Thrombocytopenia is a common problem among patients in NICUs. ¹ ^, ² ^, ⁵ ^, ⁶ ^, ¹⁴ ^– ¹⁸ The majority have acquired varieties of consumptive thrombocytopenia accompanying bacterial or fungal sepsis or necrotizing enterocolitis. ¹ ^, ² ^, ⁵ ^, ⁶ Rare varieties of hyporegenerative thrombocytopenia accompany aneuploidy or syndromes involving thrombopoietic failure. ¹ ^– ³ A separate variety of early thrombocytopenia has been described among neonates who are SGA. The first report of this entity was by Meberg et al from Oslo in 1977. ¹⁹ They studied 23 neonates weighing <10th percentile who, with no other explanation, had ≥1 platelet count <100 000/μL in the first days after birth. The platelet counts generally increased to >150 000/μL by day 15 of life, and none had pathologic bleeding. The authors speculated that this thrombocytopenia was the result of chronic hypoxia in utero induced by placental insufficiency. In 1983, Shuper et al from Israel reported 14 SGA infants with ≥1 platelet counts <100 000/μL and no other explanation for the thrombocytopenia. ²⁰ Elevated NRBCs at birth were common in the thrombocytopenic neonates; thus they postulated, as had Meberg et al, that the condition was due to reduced platelet production associated with chronic intrauterine hypoxia. Our present study used a large multihospital dataset to better define this condition, which has come to be termed thrombocytopenia of SGA ¹ ^– ⁶ .

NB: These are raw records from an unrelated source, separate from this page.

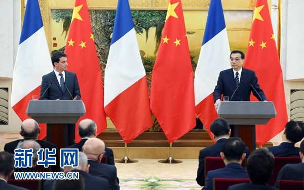 ????1月29日,中國國務(wù)院總理李克強(qiáng)在北京人民大會(huì)堂與法國總理瓦爾斯舉行會(huì)談后共同會(huì)見記者。 新華社記者 姚大偉 攝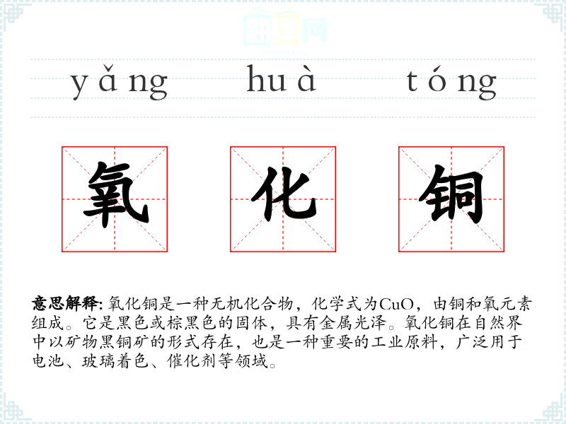 "氧化铜"的意思解释、氧化铜是什么意思由翻译网汉语词典查词提供。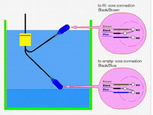 使用棕色和藍(lán)色的電線:浮球在上液位時,接點是接通的狀態(tài)。浮球在下液位時,接點是不通的狀態(tài)。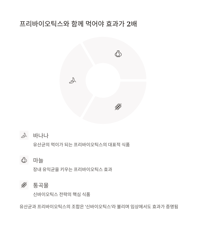 유산균만 섭취해도 효과가 있지만, 프리바이오틱스와 함께하면 시너지가 납니다.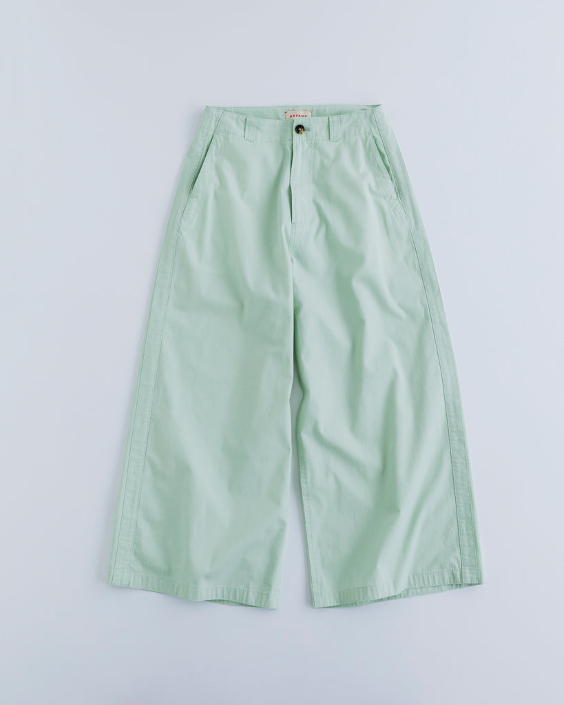 思いっきりワイドなシルエットが特徴の MEYAME の定番パンツ SIDE LINE WIDE PANTS。最近のMEYAME らしい淡いグリーンとピンクが暖かな春夏へと気分を変えてくれます。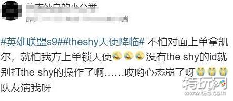 玩家“哭诉”,不怕对面上单拿凯尔,就怕我方上单锁天使,没有TheShy的id就别打TheShy的操作……自称被演得心态都崩了。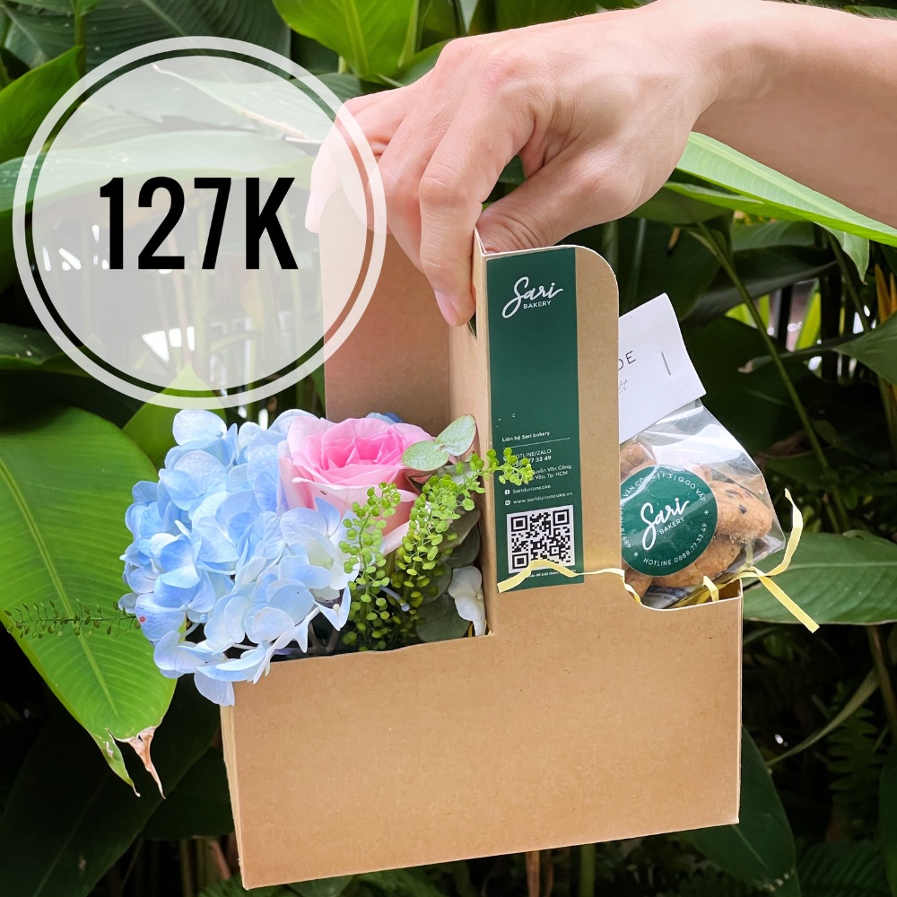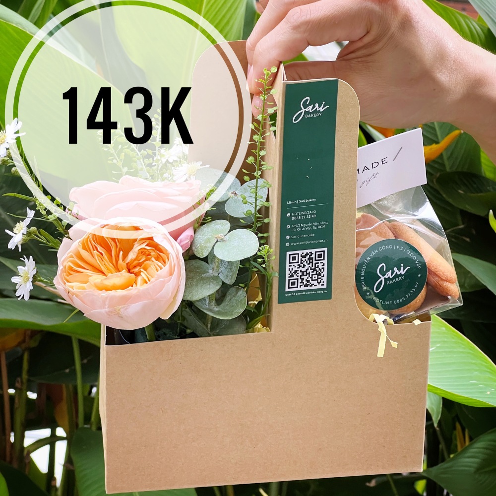 Hộp quà xách giấy kraft phối hoa hồng hồng và bánh/đồ ngọt mini – Sari Bakery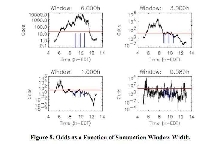 By viewing the above charts, with the odds at 6 hours, the spikes occur at similar times to the major times of tragedy of 9/11. If you use an over all curve, it is primarily one bell curve during the 9/11 duration. Now, adjust the odds to 3 and 1 hour(s), peak occur prior to 9/11. At 8.3 minutes, nothing really stands out.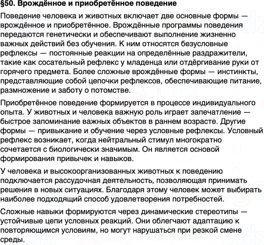 Краткое содержание Параграф 50 Врождённое и приобретённое поведение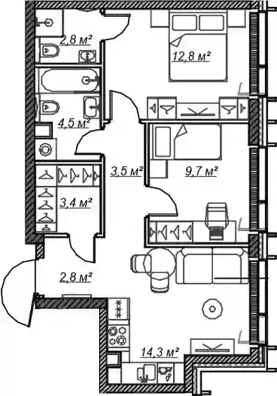 26 312 600 ₽2-к.квартира, 54.5 м², 15 эт.
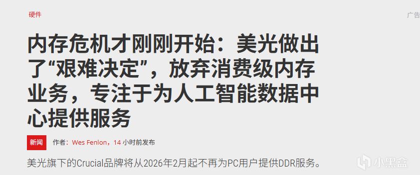 对玩家和DIY用户而言,这意味着曾经性价比极高的Crucial内存和SSD(如T705、P310系列)即将彻底告别零售渠道,未来升级PC的内存与存储成本将大幅攀升。内存危机,才刚刚开始。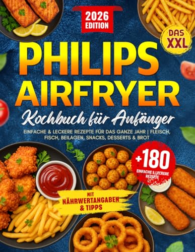 Das XXL Philips Airfryer Kochbuch für Anfänger: +180 Einfache & Leckere Rezepte für das Ganze Jahr | Fleisch, Fisch, Beilagen, Snacks, Desserts & Brot ... Tipps (Philips Heißluftfritteuse Rezeptbuch)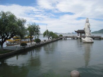 霞屿锁岚是东钱湖环湖的十景之一,湖心有不少孤独屹立的绿洲,这些绿洲与霞屿、烟屿遥相照应,形成了湖中双壁,这里东边靠着福泉山,山峦终年郁积,湖面又常常水气弥漫,于是便形成了阵阵雾气,这些雾气盘旋在湖上,给人一种湖心小岛将雾气锁住的感觉,故称霞屿锁岚。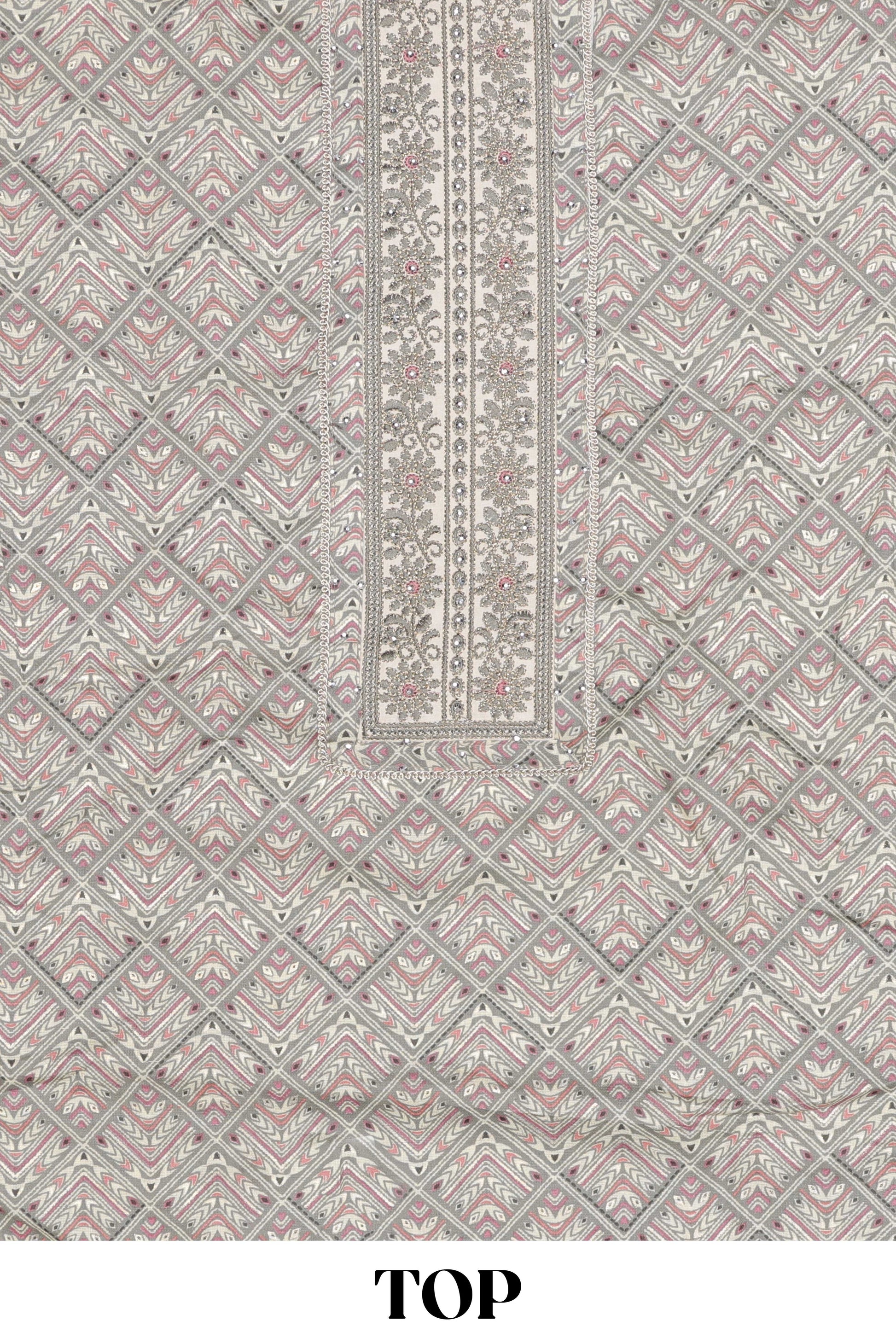 Grey cotton geomentrical embroidered chudidhar material with contrast bottom and dupatta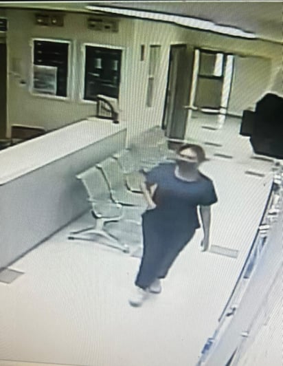 La fémina, de cabello agarrado y con cubrebocas, camina por los pasillos del hospital y se observa en actitud sospechosa, aparentemente observando el lugar.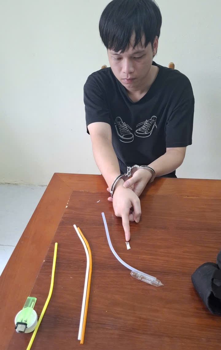 Quá trình kiểm tra, hai đối tượng tự giác giao nộp 01 đoạn ống nhựa hàn kín hai đầu bên trong có chất chất rắn dạng tinh thể màu trắng và 04 ống hút nhựa; 01 vỏ ống thủy tinh màu trắng nhãn hiệu ANTOT IQ, loại 10ml và 01 đoạn keo màu trắng. Chiến và Tuấn đều khai nhận chất rắn dạng tinh thể trên là ma túy đá được Tuấn và Chiến cùng mua để sử dụng. Các đồ vật khác dùng để chế dụng cụ sử dụng ma túy đá.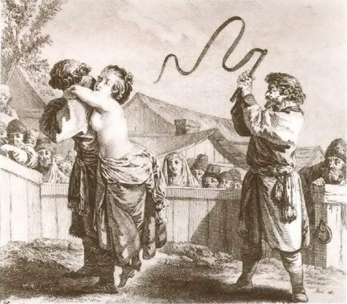 Наказание кнутом. Иллюстрация к книге «Путешествие в Сибирь» аббата Шаппа д'Отроша. Ж. Лепренс. Середина XVIII в.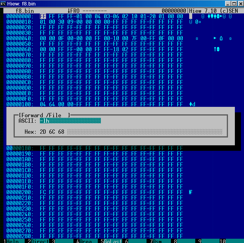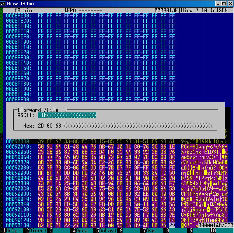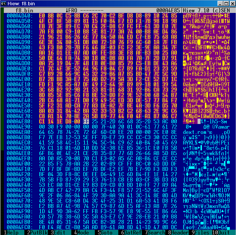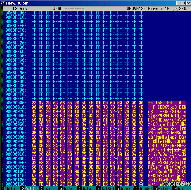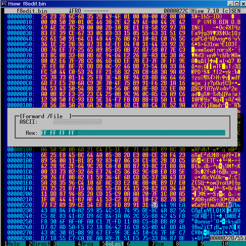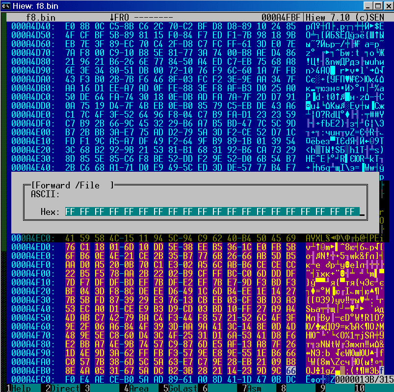 и забиваем ее эфэфками (ALT-F2 для hiew).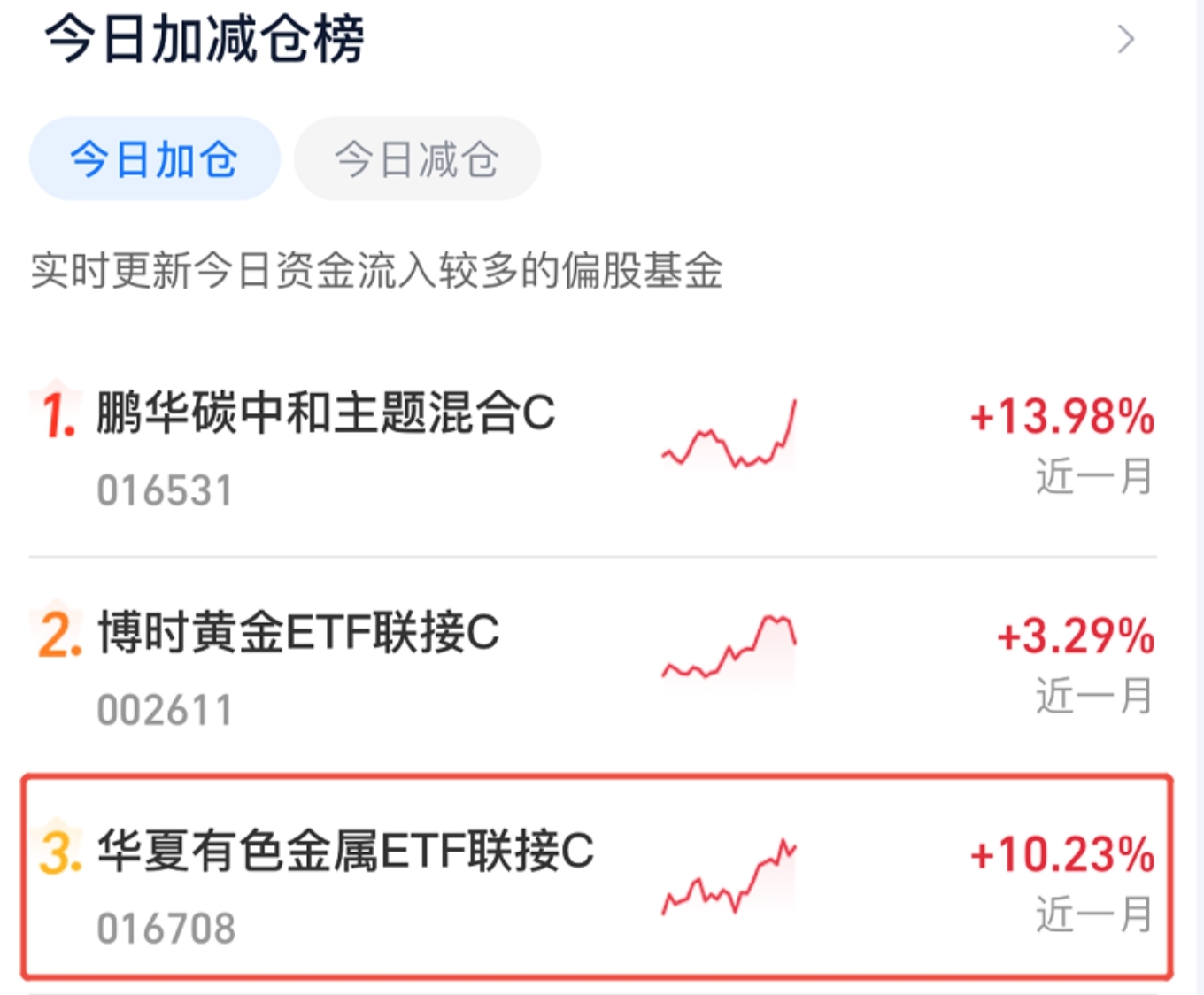 昨天涨了1.17%,今天$华夏有色金属ETF联接C$又冲起来了,加仓榜继续霸榜,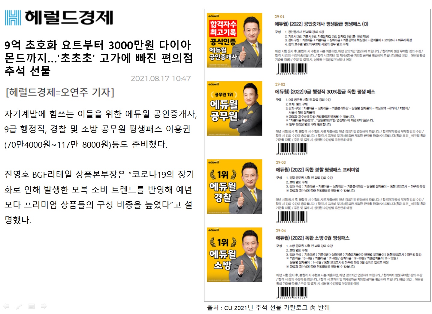 헤럴드경제 _ 편의점 자기계발 상품 출시 _ 에듀윌 / 시원스쿨 강의 상품 출시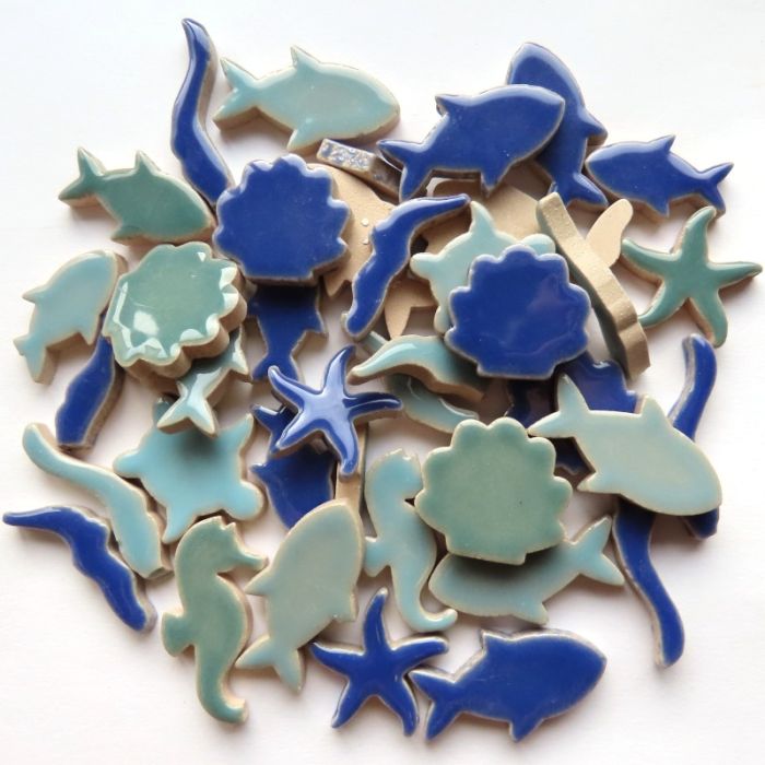 A coral reef awaits with fish, shells, turtles, starfish and seahorses....Add a watery back ground to create an instant aquarium. Perfect for murals, picture frames and vases...These ceramic forms are low fired and need to be sealed if used in freezing conditions outside. They are high gloss glazed and are UV stable so no fading with occur over time.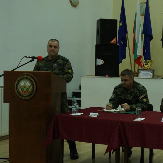 Заместник-командирът на бригадата полковник Димо Гюдженов анализира проведените учения, участието в международни учения и тренировки. Той акцентира върху придобиването на нови образци въоръжение, техника и модернизацията, състоянието на учебно-материалната база и приноса на формированието към националната сигурност в мирно време.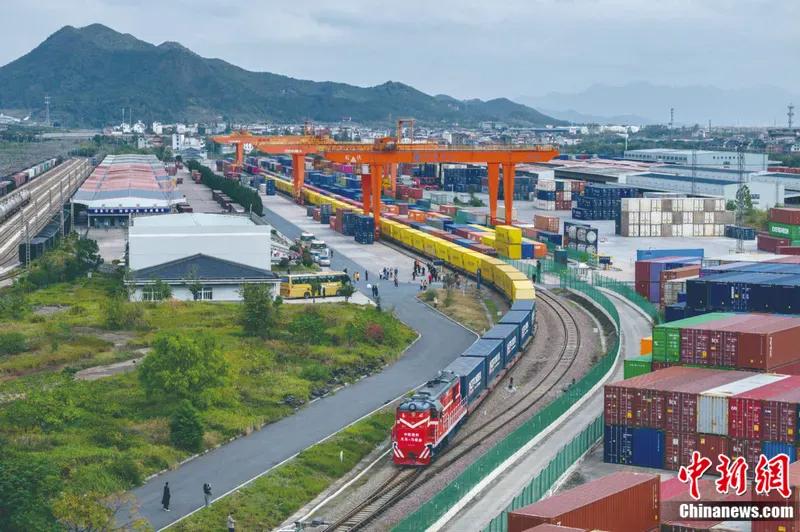 11月18日,“义新欧”中欧班列从铁路义乌西站鸣笛启程,驶往逾1.3万公里外的西班牙首都马德里。当天,“义新欧”中欧班列迎来开行10周年节点。金华市新闻传媒中心供图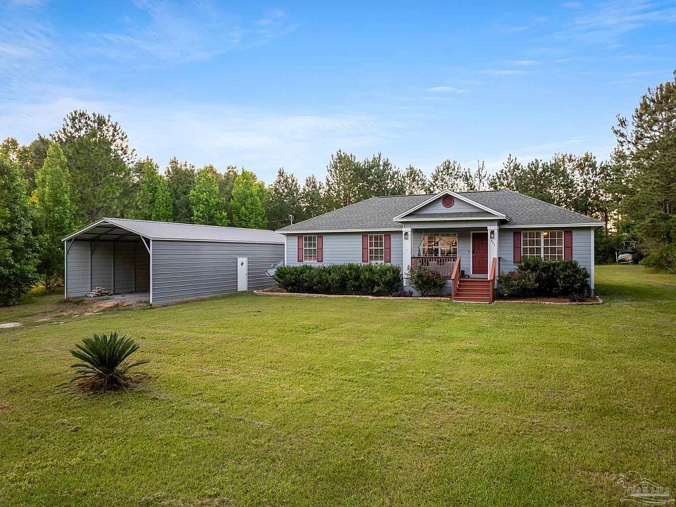 Nestled in the serene setting of Milton, Florida, this recently renovated 4-bedroom, 2-bathroom home offers the perfect blend of privacy and modern comfort on a sprawling 1-acre lot. With 1,379 square feet of living space, the home boasts a thoughtful layout and stylish updates from its 2021 renovation, ensuring a move-in ready experience. The expansive lot provides a tranquil retreat, surrounded by lush greenery, making it an ideal oasis for those seeking a peaceful lifestyle. In addition to the beautifully updated interior, the property includes a newly added 20x50 workshop, perfect for hobbies, storage, or a home business. Located just 20 minutes from Naval Air Station Whiting Field, this home offers convenient access for military personnel while maintaining a sense of seclusion. Whether you're enjoying the spacious outdoors or the comfort of your renovated home, this property provides a unique opportunity to experience the best of Milton living.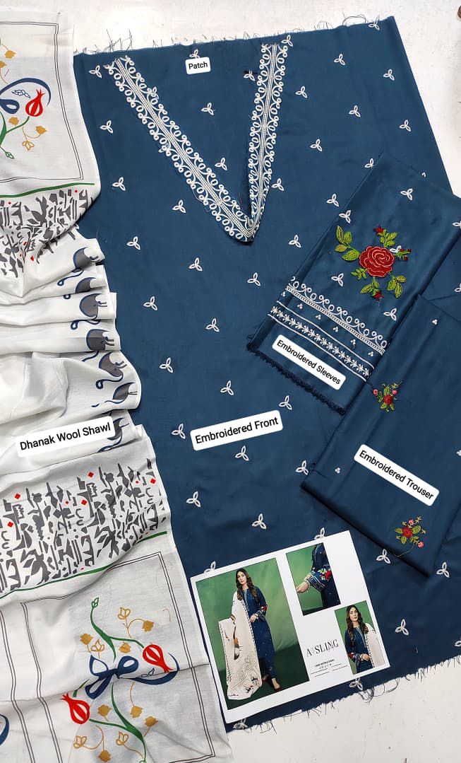 New Arrival! Asling Winter Dhanak Collection 2025-2026 brings premium warmth, comfort, and style. This 3PC embroidered suit is made with Air-Jet Dhanak fabric for a soft winter feel. The front features an embroidered patch, the daman comes embroidered or plain, sleeves are fully embroidered, and the back is plain for a neat finish. The plain trouser adds comfort, while the shawl comes in elegant embroidered or printed wool for a classy winter look. Retail price PKR 5299, now available for just PKR 3500.

We began by identifying all patients in the last 9 years admitted to an Intermountain Healthcare NICU with a birth weight <10th percentile. ¹⁰ We then determined how many of these SGA neonates had ≥2 platelet counts drawn during their first week, and how many of those had ≥2 platelet counts <150 000/μL. A low platelet count in a neonate can be real or artifactual; the latter typically involves platelet clumping, either on the wound when blood is drawn slowly from a capillary puncture or within the specimen tube. ²¹ We aimed to reduce the contamination of our dataset with artifactual thrombocytopenia by requiring 2 low counts.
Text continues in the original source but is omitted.